Matching Minds with Sondheim is a journey into this rich but largely unmapped aspect of the composer’s creative life, illuminating how Sondheim’s playful designs delivered moments of clarity and connection for friends, colleagues, and anyone who’s ever been captivated by his genius. This book opens, for the first time, the door into what Sondheim called his “puzzler’s mind,” helping readers to better understand the man, his work, and-if they accept the challenge-themselves. Gaming expert Barry Joseph draws from over eighty years of Sondheim’s activities, including extremely rare and never-publicly-seen puzzles and game designs, scores of original interviews with the celebrity friends who played them, archival deep dives, and illuminating analysis from both puzzle designers and theater professionals from around the world. Packed with illustrations and insights, this book does more than describe Sondheim’s life in puzzles: It allows readers to match minds with the maestro by attempting to solve his puzzles and bring Sondheimian games into their own homes.

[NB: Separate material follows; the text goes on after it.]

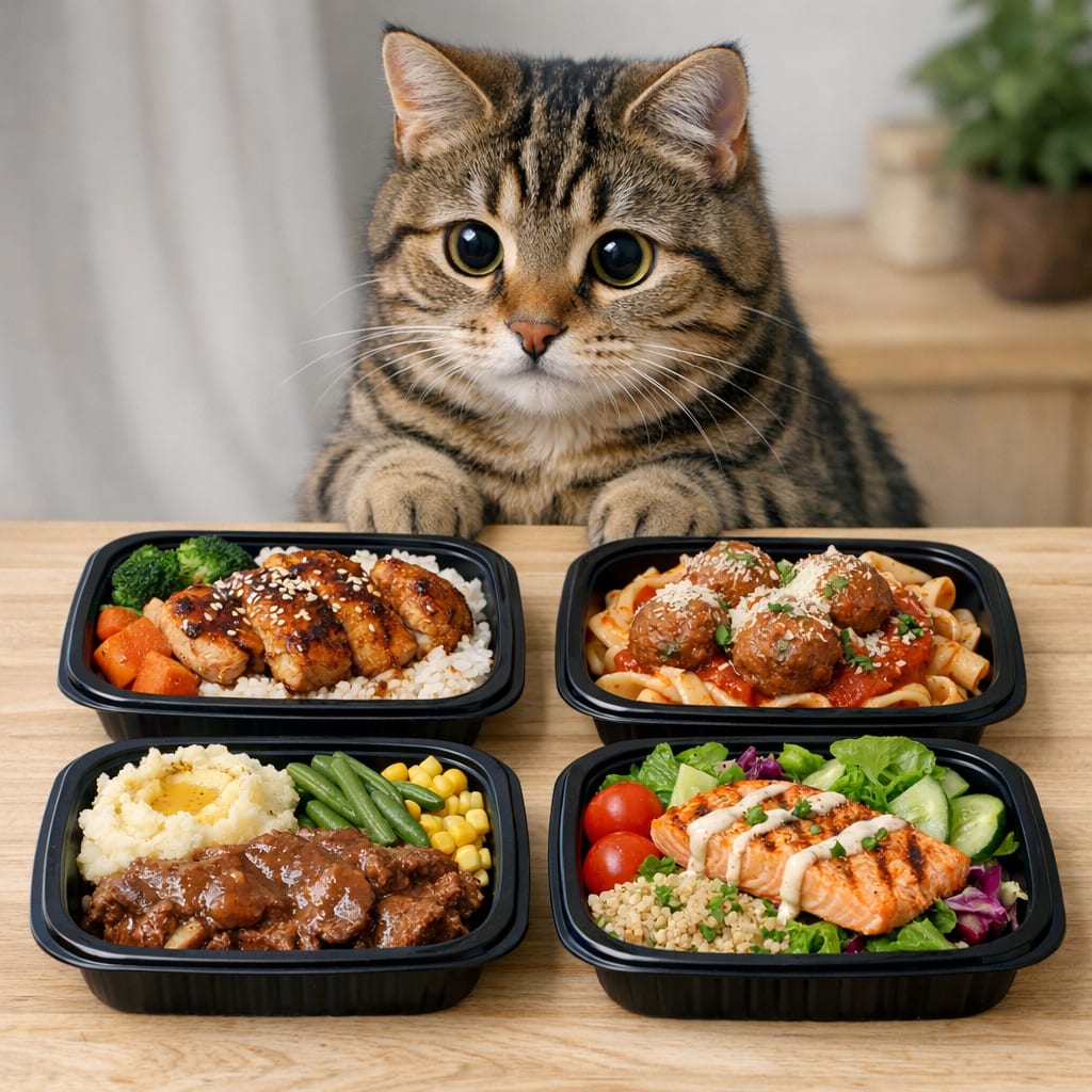 @cfg83 Here’s the image you requested for “Cute cat looking at 4 little pre-made meals.”

Matching Minds with Sondheim: The Puzzles and Games of the Broadway Legend is a great gift for the Sondheim fan who may have already devoured the other books devoted to the man who gave us Sweeny Tood, A Funny Thing Happened On The Way To The Forum and Into The Woods. It’s also a pretty swell gift idea for the gamer or cryptologist on your holiday shopping list.

Matching Minds with Sondheim: The Puzzles and Games of the Broadway Legend can be ordered from any bookseller by using the ISBN code.

Since it doesn’t take a lot to get Mel Larch to pay tribute to Sondheim, we had a pretty easy time putting together a new Curtain Call to tie into the above books.

At 3 PM (EDT) on Curtain Call, Mel had great time assembling a mixtape show dedicated to the late Broadway legend, who coincidentally passed away four years ago, today.

Drawing tracks from productions of “Stephen Sondheim’s Old Friends,” Sunday In The Park with George, Sweeny Todd and other classic shows, Mel brings you a fitting salute.

Check out the playlist:

Curtain Call 162

“Old Friends” sung by Stephen Sondheim
“Losing My Mind” sung by Bernadette Peters
“I’m Still Here” sung by Petula Clark
“Everything’s Coming Up Roses” sung by Imelda Staunton
“The Worst Pies in London” sung by Michael Ball and Maria Friedman
“Comedy Tonight” sung by Rob Brydon
“You Gotta Get A Gimmick” sung by Anna Jane Casey
“Send In The Clowns” sung by Judi Dench
“Side by Side” sung by Jack Cassidy and Chita Rivera
“Putting It Together” sung by Mandy Patinkin, Bernadette Peters and company
“Marry Me A Little” sung by Lauren Molina
“Bishop’s Song” sung by David Hyde Pierce”
“Sunday In The Park With George” sung by Bernadette Peters
“My Friends” sung by Michael Ball
“Old Friends” by the company of Old Friends

Curtain Call can be heard on The AIR Wednesday at 3 PM, with replays Thursday at 8 AM, Friday at 10 AM, Saturday at 8 PM and Monday at 9 AM. A two-hour mini-marathon of classic episodes can be heard Mndays, starting at 9 PM, and an all-night marathon of Curtain Call episodes can be heard Wednesday nights, beginning at Midnight.